No hace falta casi nada, algunos libros, unas mesas, suficientes sillas, incluso pueden ser de esas verdes, duras, en las que adolescentes de casi dos metros pasan seis horas sentados.

A veces, por ponernos tecnológicos, un ordenador, un proyector, internet... pero no es necesario. Que haya luz y entusiasmo y dedicación, y horas, muchas horas, casi siempre robadas de otras tareas más urgentes.

La familia, los hijos, los padres, incluso el sueño. Nada parece más urgente que la lectura cuando escuchas las palabras de los organizadores. Pero tú sabes que detrás de cada acto late un esfuerzo del que pocas veces se presume y en el que casi nunca se encuentra reconocimiento. Pero ahí están, inasequibles al desaliento, buscando recursos debajo de las piedras y estirando el presupuesto hasta convertirlo en entelequia.

Los que dan de leer.
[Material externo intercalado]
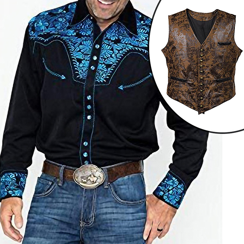 Set with West Cowboy Shirt PU Waistcoat Vest Men's 2 PCS Outfits Long Sleeve Casual Button Down Shirt Retro Vintage Party Carnival Cosplay Costume
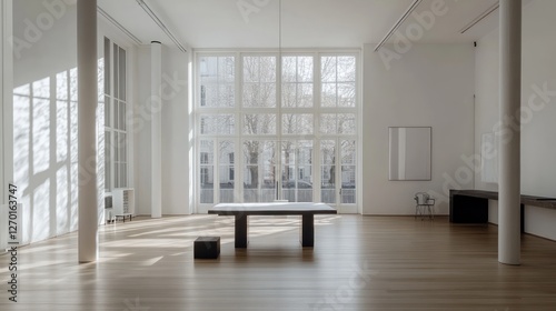 Serene Minimalist Gallery Interior with Sunlight Streaming Through Large Windows
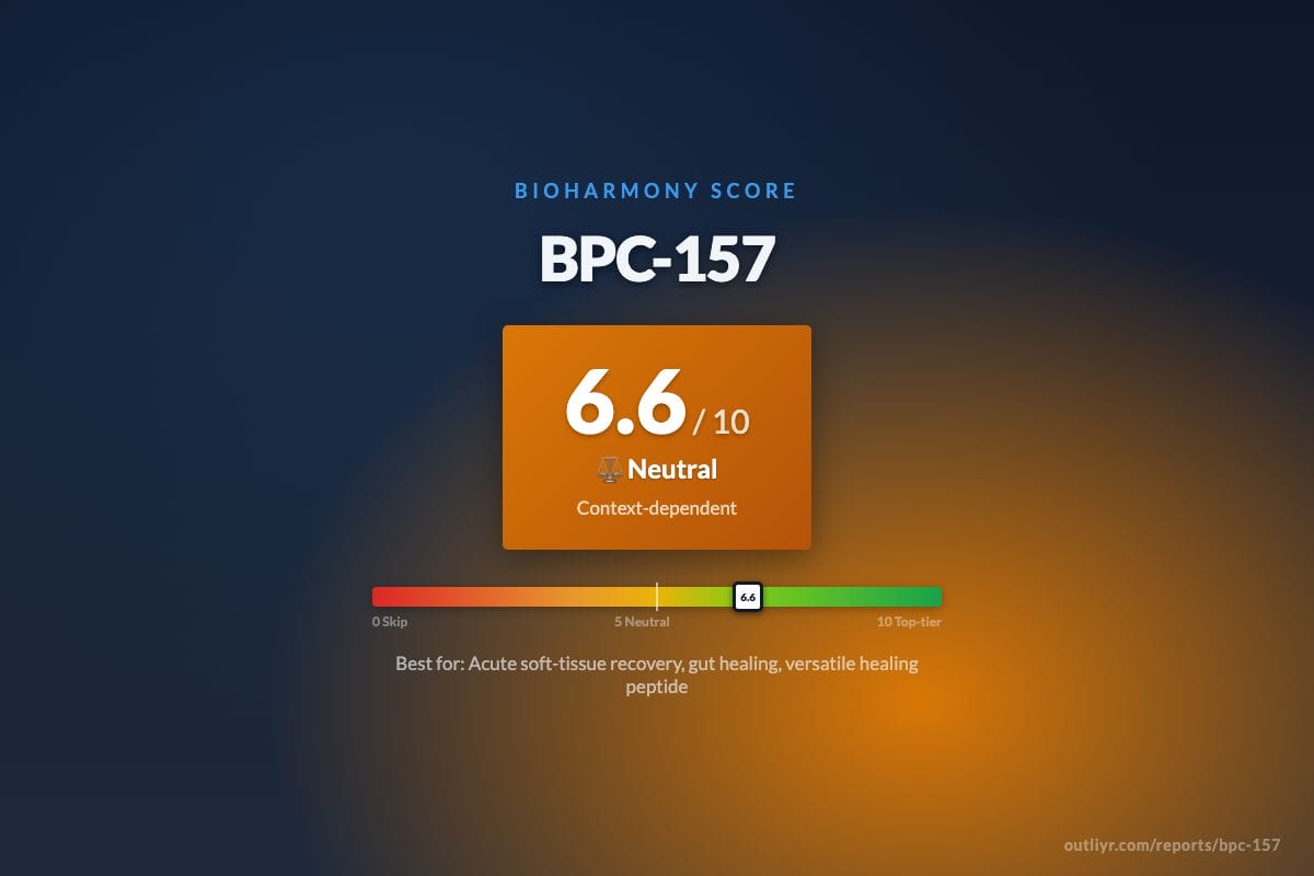 BPC-157 scored 7.3 / 10 (๐ช Strong recommend) on the BioHarmony scale as a Substance โ Peptide โ Growth / Repair Peptide.

Como quien ofrece un vaso de agua helada en mitad de una noche de agosto. O soplan sobre un rasguño en la rodilla de un niño. Hechiceros de un rito cada vez más secreto que se oficia en institutos, colegios, bibliotecas a veces muy pequeñas por fuera, pero enormes por dentro.

Los profesores, los maestros (no siempre de lengua) los bibliotecarios, los responsables de clubes de lectura, los participantes. Los que saben que no hace falta más que un libro para que se ponga en marcha el mecanismo, aunque detrás haya un trabajo de convocar, reunir, animar, y mantener un espíritu al que hay que dar muchas alas. Porque existe el desánimo, ese lunes, por ejemplo, en el que solo acuden dos personas, o esa charla en la que los alumnos se portan mal, no se sabe muy bien por qué, o esa tarde de noviembre en que absolutamente nadie se acerca al acto que has organizado con tanto mimo.

Pero ahí están. Los que dan de leer todos los días del año, no solo esta semana en la que algunos políticos y otros figurantes acuden en tropel para salir en las fotos y presumir de que leen el Quijote, a lo mejor porque es el único libro cuyo título recuerdan.

Prometen aumentar el presupuesto, dan palmadas a los niños, y sonríen con condescendencia ante las modestas exposiciones o trabajos. Luego, se olvidan hasta el año que viene.

Menos mal que ellos siguen, ajenos al revuelo de la prensa, por encima de actos conmemorativos. Saben que esto es trabajo de cada día, el esfuerzo de la gota de agua que acabará por horadar la piedra. O no. Pero ellos siguen. Los que dan de leer. Los que importan. Los que celebran el día del libro todos los días del año.